The Association of Salmon Fishery Boards (ASFB) is the representative body of the 41 Scottish District Fishery Boards including the Tweed.
The ASFB’s day to day business is handled by a hardworking and knowledgeable permanent staff, and there are periodic management committee meetings, with 2 annual meetings of the full membership. The management committee is a good mix of experienced river managers and fishery owners.
All that is well and good for normal ongoing business, and an excellent job ASFB has done over recent times with many difficult issues to contend with ……..but the question posed, when confronted by the seismic potential consequences of the Wild Fisheries Review, is:
“Does the ASFB represent the rights and interests of Scottish salmon fishery owners?”
It seems that there is a most bizarre misunderstanding at the bottom of this, in that the owners think the ASFB represents their interests….. but that the ASFB does not think that at all.
Can we really have gone so far without anyone representing the views of those who own the right to fish?
Disquiet is fuelled by the ASFB/RAFTS (the equally excellent Rivers and Fisheries Trusts of Scotland) joint working group, set up to consider the Fisheries Review, which has 9 or 10 members, only one of which is a fishery owner, and he is there as Chairman of ASFB (which does not, it seems, represent salmon fishery owners).
In other words, there is not one salmon fishery owner on the ASFB/RAFTS joint working group.
It is almost as if the ASFB and RAFTS see the owners as some sort of embarrassment, like a disappointing relative you don’t want to admit to, and dare not produce in polite society for fear of contamination by association…...or because they see the owners as the unfortunate product of years of inbreeding, chinless drivellers with at least three heads each who can, indeed must, be ignored “in the public interest”.
How strange is all that? Is the ASFB and RAFTS deliberately excluding them, is it an accident….do the salmon fishing owners realise that?
It might do to remind everyone that at present, and for years past, it is the salmon fishery owners who have paid all the bills in Scotland’s salmon fishing, that ASFB would not exist without them (it is wholly funded by them) and that the reason that Scottish salmon rivers are today in such comparatively good health (a) by international standards and (b) in terms of the maximised production of many millions of smolts every year (a much better/fairer measure of river management success than how many salmon come back).....is largely because of the vast amounts of money invested in their rivers, over the past 35 years in particular, by the owners, allowing the very significant improvement in management that there has been on almost all rivers.
It is up to other rivers and their owners what they think of how they are being represented…..or are not being represented, even if they imagine they are.

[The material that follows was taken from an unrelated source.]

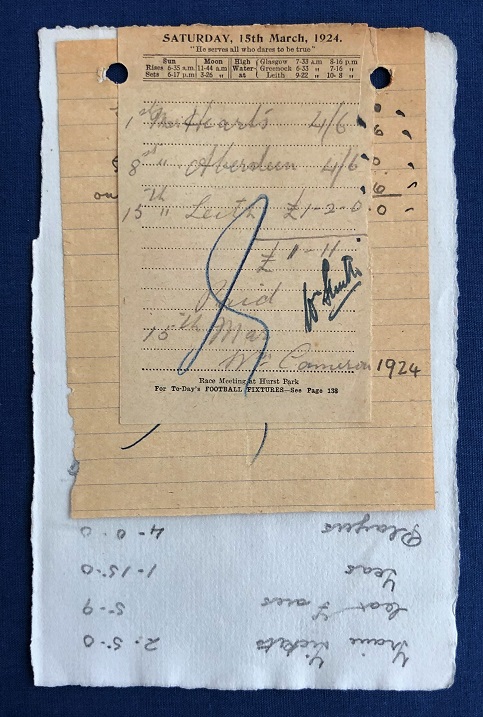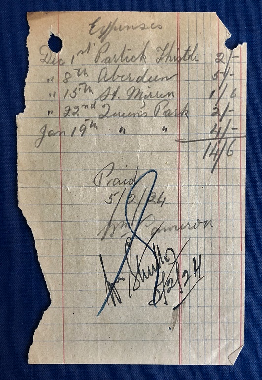 28th February 1924 – Expenses claim signed and submitted by William Cameron (Note – including a match against Dundee on the 16th). Approved and countersigned by William Struth.

They should certainly wake up and find out before it is too late.
What of the Tweed? Is anybody truly representing the views of our owners to Government?
It is clear from the ASFB’s February bulletin that this ASFB/RAFTS joint working group, without a single proprietor on it, has been actively discussing the financing, the structure, the representation, the constitution of the proposed new replacements for the Boards, the Fishery Management Organisations (FMOs).
The statements by the RAFTS Chairman, in the 2015 ASFB/RAFTS Annual Review, just published, could not be clearer…...he envisages the demise of the Boards and ASFB, and with them, one can only assume, the local levy system which some owners, maybe even most owners (who knows because nobody has ever asked) find so anathema and are so concerned breaks the crucial link between local engagement/volunteering on the one hand and local accounting and accountability, including raising their own money, on the other.
So far down the FMO road have they gone that they are long past two crucial, fundamental issues:
First, do the fishery owners agree with the principle that the existing fishery boards and trusts should effectively cease to exist and be merged into the new charitable organisations, FMOs?
Secondly, as the new FMOs will have no statutory powers eg to raise their own money directly by annual levy on fishery owners, have the fishery owners in Scotland accepted that central Government will in future be levying on them an annual business rate equivalent, some of which may be “redeployed” to other rivers?
Now down here on the Tweed, we are viscerally opposed to getting rid of the River Tweed Commission, our very own river Board, and yet by going so far down the FMO route, way before the Government formal consultation process has even started, the ASFB and RAFTS appear not only to have conceded that the Boards should go and FMOs replace them, but, as night follows day, that levies will henceforth be collected centrally, not locally.
What mandate has the ASFB and RAFTS had to do this, certainly none from the Tweed, and from speaking to some other rivers, none from them either?
To sum up, it would seem that:
Scottish salmon fishery owners are not being represented.
ASFB/RAFTS have set up a joint working group to consider the Wild Fisheries Review without a single salmon fishery owner on it.
The joint working group has now met several times, before the formal consultation process has even started, and has evidently formed a very public, published view that FMOs are going to happen, should be encouraged, that river Boards will cease to exist and that, in consequence, annual levy funds will be collected centrally and not locally.
Quite apart from salmon fishery owners being extraordinarily unrepresented in all this, did the salmon fishing owners give any mandate to ASFB/RAFTS and the joint working group to go as far as it has?
I hope as many Scottish salmon fishing owners as possible will read this….. and ask themselves that question…..and maybe also….. what else is being decided, unknown to them, between ASFB/RAFTS and the Government?